営業キャッシュ・フローは、財務諸表上では「営業活動によるキャッシュ・フロー」といいます。一定期間の企業の財務状況をまとめたキャッシュ・フロー計算書に記載される項目です。金融商品取引法が適用される上場企業などでは、貸借対照表や損益計算書と共に、決算時にキャッシュ・フロー計算書を作成することが義務付けられています。
なお、キャッシュ・フロー計算書の記載項目には営業活動によるキャッシュ・フローの他に、「投資活動によるキャッシュ・フロー」「財務活動によるキャッシュ・フロー」も含まれます。
キャッシュ・フロー計算書の記載項目

キャッシュ・フロー計算書についてはこちらの記事で解説していますので、参考にしてください。
営業キャッシュ・フローの構成要素
営業キャッシュ・フローは、企業が営業活動を通じて得た現金収入から、現金支出を差し引いて算出されます。

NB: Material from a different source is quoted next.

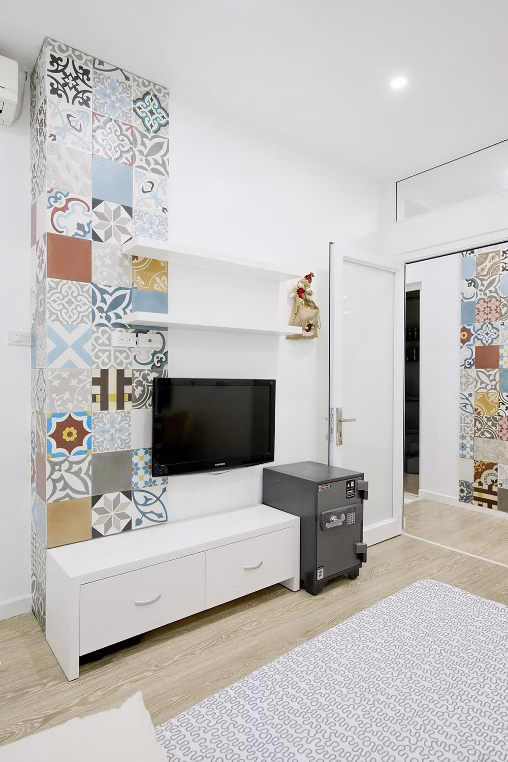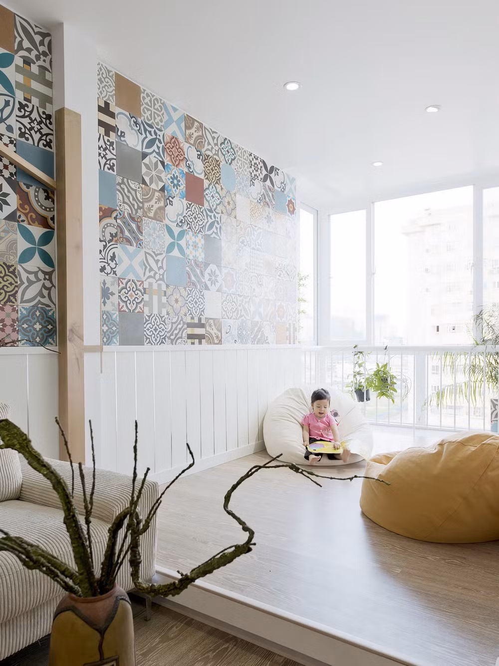 Bức tường lát gạch men nhiều hoa văn góp phần tô điểm cho căn hộ.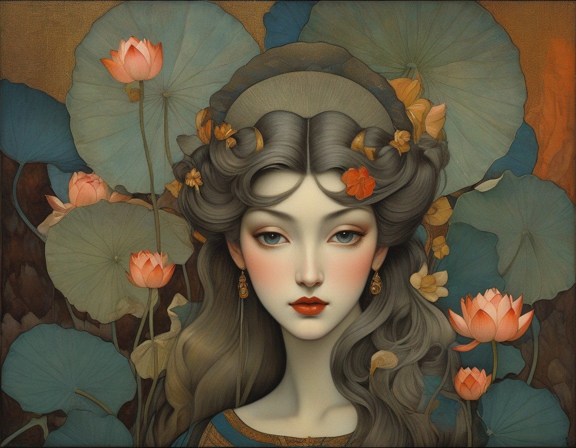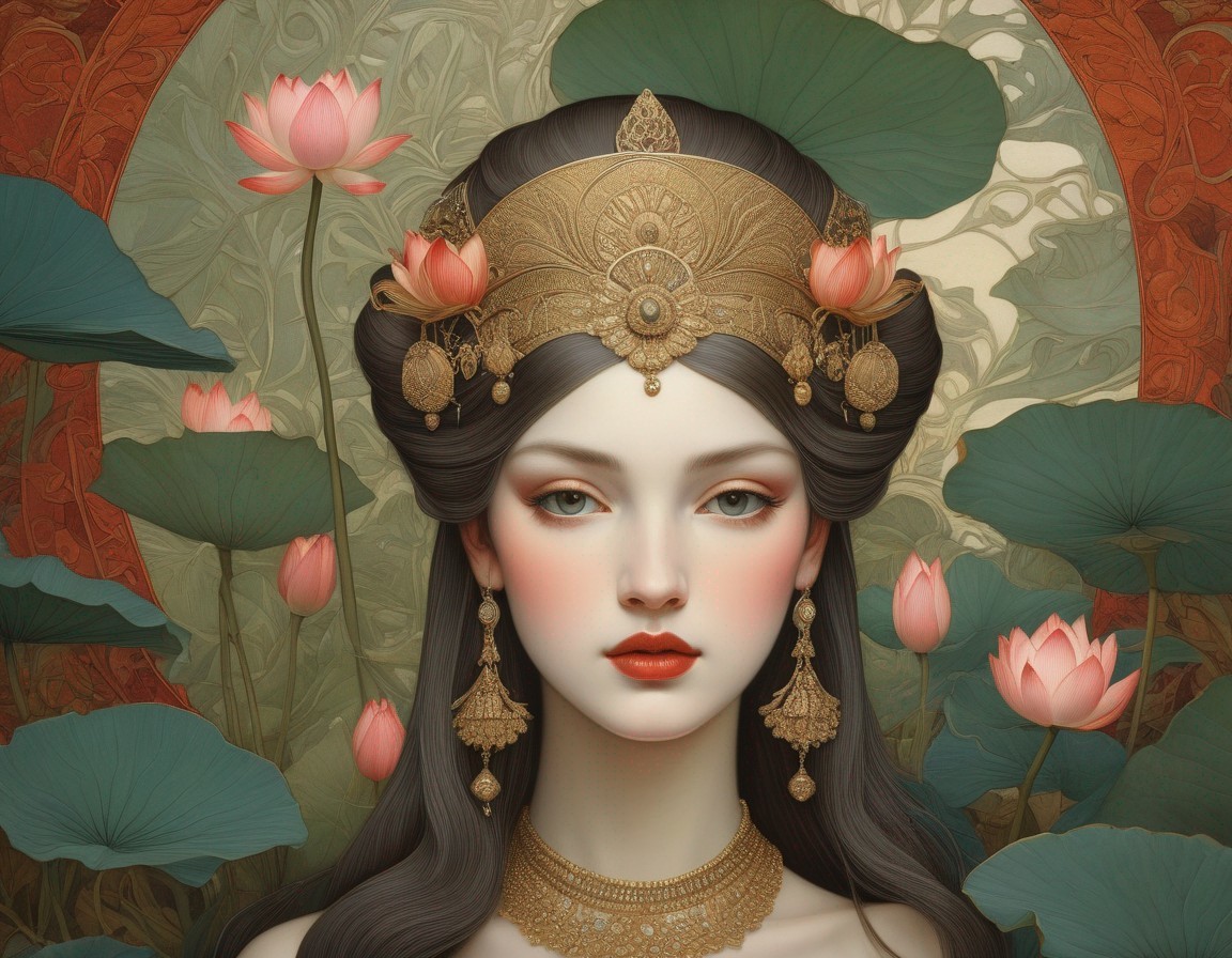 An illustration of a woman with a golden crown and jewelry, surrounded by lotus flowers and leaves against a red backdrop.

営業キャッシュ・フローをプラスにする要素には、商品の販売やサービスの提供による現金収入、売掛金の回収、保険金収入などがあります。また、営業キャッシュ・フローをマイナスにする要素は、仕入や製造の支出、買掛金の支払、人件費・経費の支出、法人税等の支払です。以下に営業キャッシュ・フローをプラスにする要素、マイナスにする要素をそれぞれまとめました。
営業キャッシュ・フローの構成要素とプラス・マイナス要素
商品の販売・サービス提供による現金収入 | プラス |
売掛金の回収 | プラス |
保険金収入 | プラス |
商品などの仕入による現金支出 | マイナス |
現金支出の経費 | マイナス |
人件費の現金支出 | マイナス |
法人税等の支払 | マイナス |
営業キャッシュ・フローのプラスが大きいほど、営業活動でしっかりと収益を得られていることを意味します。そのため、事業の成長に注力したい場合は、営業キャッシュ・フローのプラスをできるだけ大きくすることが大切です。反対に、営業キャッシュ・フローがマイナスの場合、利益が出ない商品やサービスを販売・提供していたり、売上があるのに現金回収ができていなかったりするなど、何らかの問題を抱えている可能性があります。その場合、原因を突き止めたうえで、迅速に対応する必要があるでしょう。
営業キャッシュ・フローを確認するときのポイント
前述のとおり、営業キャッシュ・フローの基本的な考え方は、プラスが大きければ営業活動がうまくいっている、マイナスであれば営業活動に何らかの改善すべき点があるというものです。ただし、営業キャッシュ・フローがプラスかマイナスかという一点で企業の経営状態の良し悪しを判断できるとは限りません。営業キャッシュ・フローを確認するときのポイントについて見ていきましょう。
減価償却費の割合が大きくないかを確認する
営業キャッシュ・フローを確認するときのポイントは、減価償却費の割合が大きくないかを確認することです。
営業キャッシュ・フローの計算方法には、後述するように直接法と間接法の2種類があります。直接法を用いた場合、減価償却費のような支出を伴わない費用(非現金支出費用)を考慮する必要はありません。その一方で、間接法では減価償却費が利益に加算されて計算されます。そのため、間接法では営業キャッシュ・フローがプラスであっても減価償却費の割合が多くなっているケースもあります。減価償却は、固定資産の購入費用を一定期間に配分し、期ごとに費用計上していくものであり、実際に現金を支払っているわけではないからです。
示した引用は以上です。